> _Task directions_
Omitting all images, set down every line below exactly as it appears.

> _Source material_
* * * *

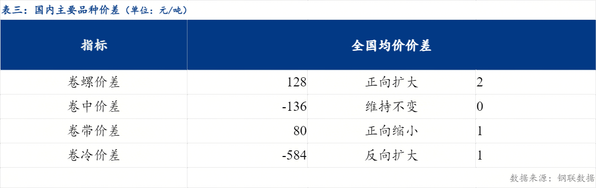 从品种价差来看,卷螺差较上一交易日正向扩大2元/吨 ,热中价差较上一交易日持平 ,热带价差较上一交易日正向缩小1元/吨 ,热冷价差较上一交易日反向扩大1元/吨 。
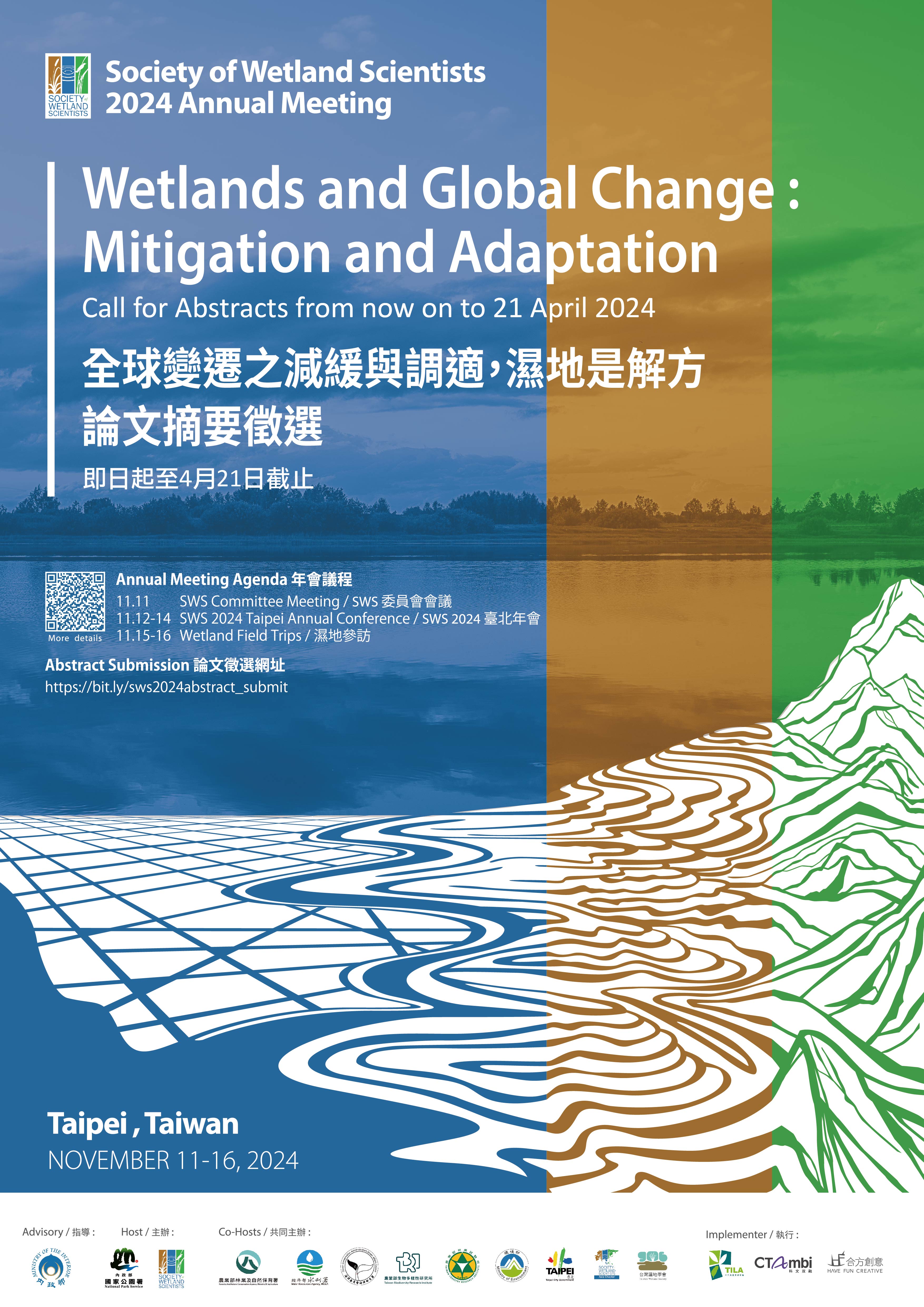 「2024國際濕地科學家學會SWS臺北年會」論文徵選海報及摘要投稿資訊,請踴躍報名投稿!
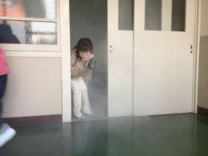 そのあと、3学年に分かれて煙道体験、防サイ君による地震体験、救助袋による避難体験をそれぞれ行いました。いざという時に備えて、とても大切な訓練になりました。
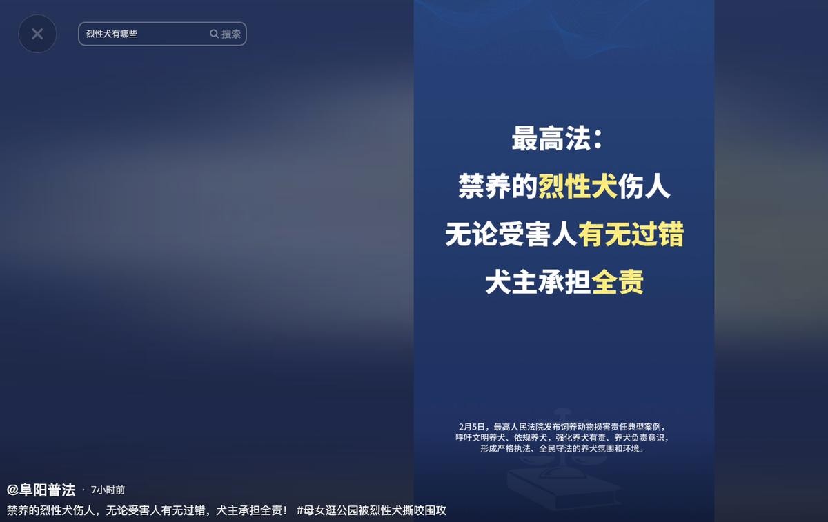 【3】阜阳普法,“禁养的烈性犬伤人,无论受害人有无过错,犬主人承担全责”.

* * * *

> _Task output_
 从品种价差来看,卷螺差较上一交易日正向扩大2元/吨 ,热中价差较上一交易日持平 ,热带价差较上一交易日正向缩小1元/吨 ,热冷价差较上一交易日反向扩大1元/吨 。
 「2024國際濕地科學家學會SWS臺北年會」論文徵選海報及摘要投稿資訊,請踴躍報名投稿!
 そのあと、3学年に分かれて煙道体験、防サイ君による地震体験、救助袋による避難体験をそれぞれ行いました。いざという時に備えて、とても大切な訓練になりました。
 【3】阜阳普法,“禁养的烈性犬伤人,无论受害人有无过错,犬主人承担全责”.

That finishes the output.